И когда она повесила ленту с Большим Гапалем на шею Жюли, Панегириста охватил бесконечный восторг, он почувствовал, как ангелы, притягивая его к Жюли, возносят его к небесам.
— И как вы меня находите в роли аббатисы? — спросила Жюли.
— Дело сделано, — наклонился Исповедник к Сюзанне, — мы присутствуем при величайшем богохульстве, мы стоим у врат святотатства. Господин Панегирист обладает странным свойством путать порок с добродетелью, поразительная способность вечно попадать пальцем в небо. Говорю вам, эта церемония отвратительна, и, дабы сопротивляться ее мерзости, необходимо все совершенство Эмили-Габриель.

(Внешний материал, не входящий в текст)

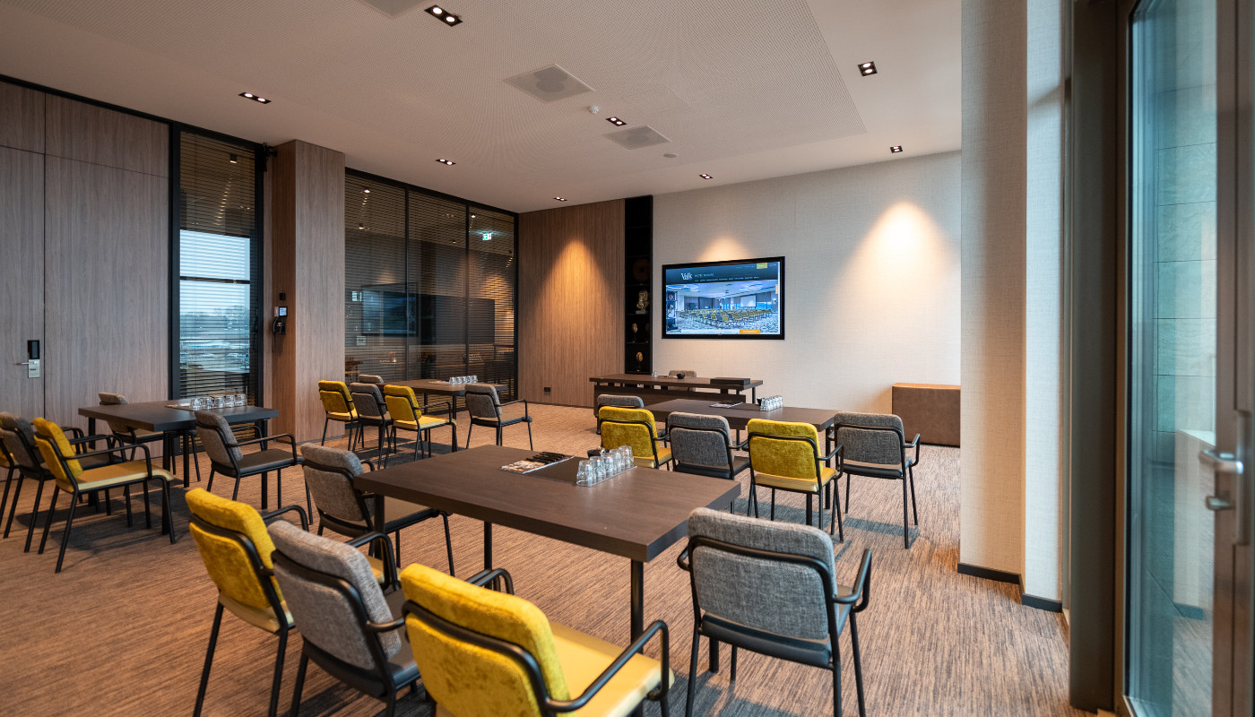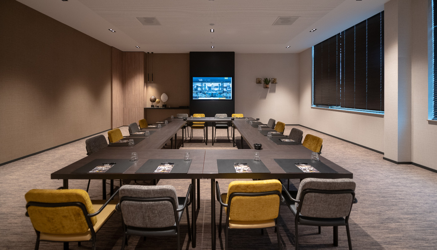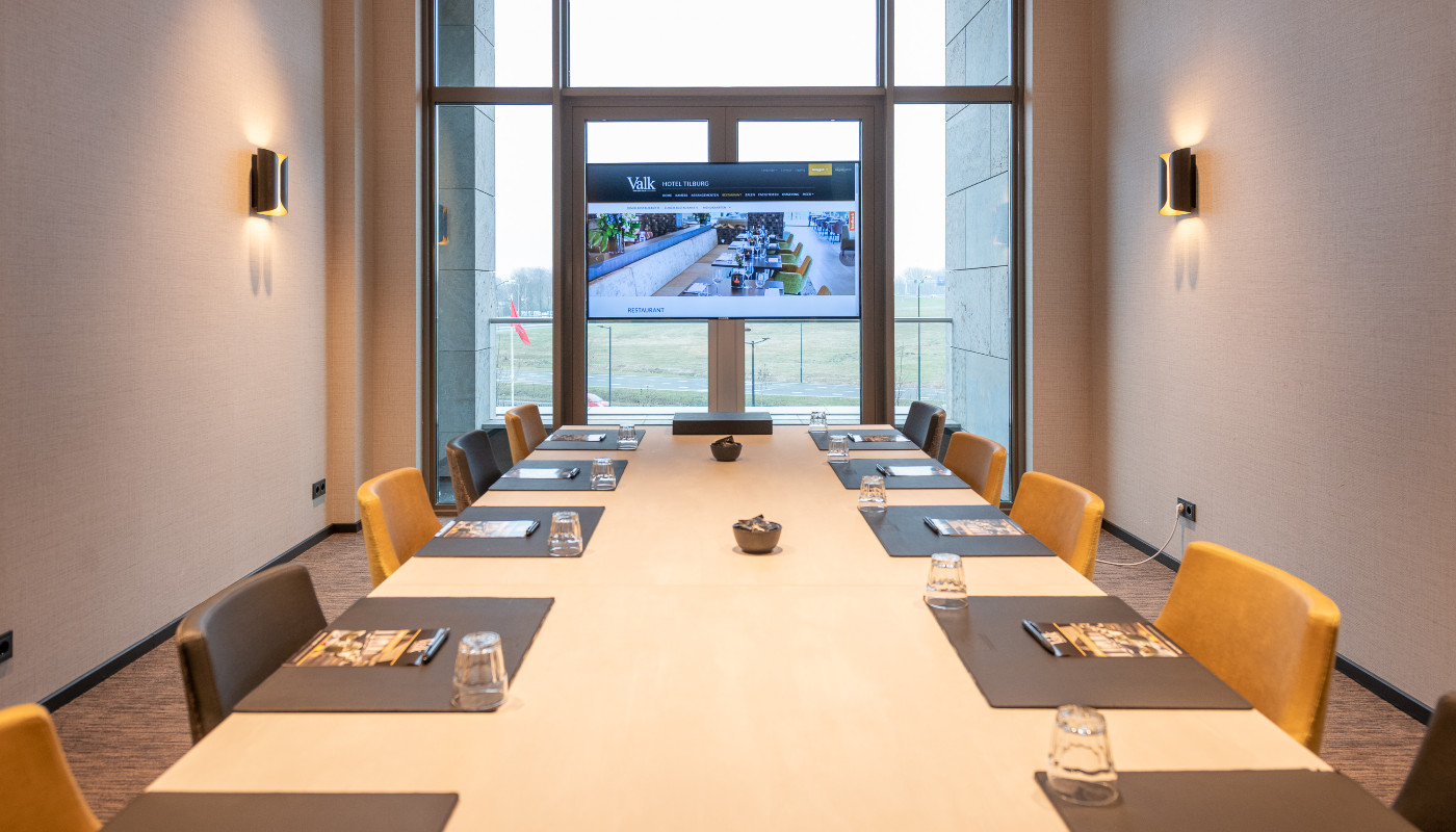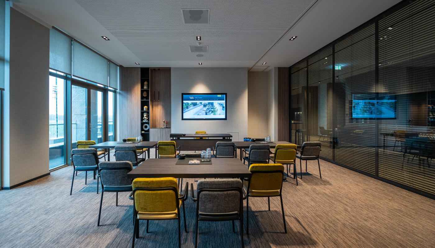 De boardrooms zijn voorzien van een 84inch monitor, waarbij de aansluiting voor een laptop is weggewerkt in het tafelblad. Ook in deze zalen is een AMX besturingssysteem geplaatst.

Жюли попросила выпить, потому что хотела, чтобы ей стало весело. На это Исповедник ответил, что это прекрасная мысль, ибо необходимо развеять черную меланхолию. Он сам подал ей рюмку ликера. А господин Панегирист пожелал, чтобы она попробовала вино, название которого он держал в тайне и которое, по его убеждению, весьма подходило для тяжелых моментов в жизни. Жюли нашла его превосходным и захотела пить его по очереди с ликером Исповедника, полагая, будто эта смесь, способствуя большему опьянению, лучше подготовит ее к роковому исходу. Она пила большими глотками, запрокинув голову. И рассказывала о празднествах, которые задавал Принц и которые длились ночь напролет.
— Всю ночь пить и есть? — удивилась Эмили-Габриель.
— …Кататься под столом, изменять самой измене и быть неверной самой неверности. Переворачивать все вверх дном, передвигаться задницей кверху, падать навзничь и ничком. Делать все шиворот-навыворот и выворот-нашиворот. Праздновать Пасху до Вербного воскресенья, ставить телегу впереди лошади.
— Так вам подавали кофе до обеда, а закуски вместо десерта? — спросила Сюзанна, которая не в силах была постичь распорядка подобных пиршеств.
— Мы ели десерты, а вот закуски уже не лезли в глотку, и мы отдавали их тем, кому их всегда не хватает, и которые обжирались, сидя под столом, набивая рты и животы.
Она вспомнила про эликсир молодости, присланный ей Принцем.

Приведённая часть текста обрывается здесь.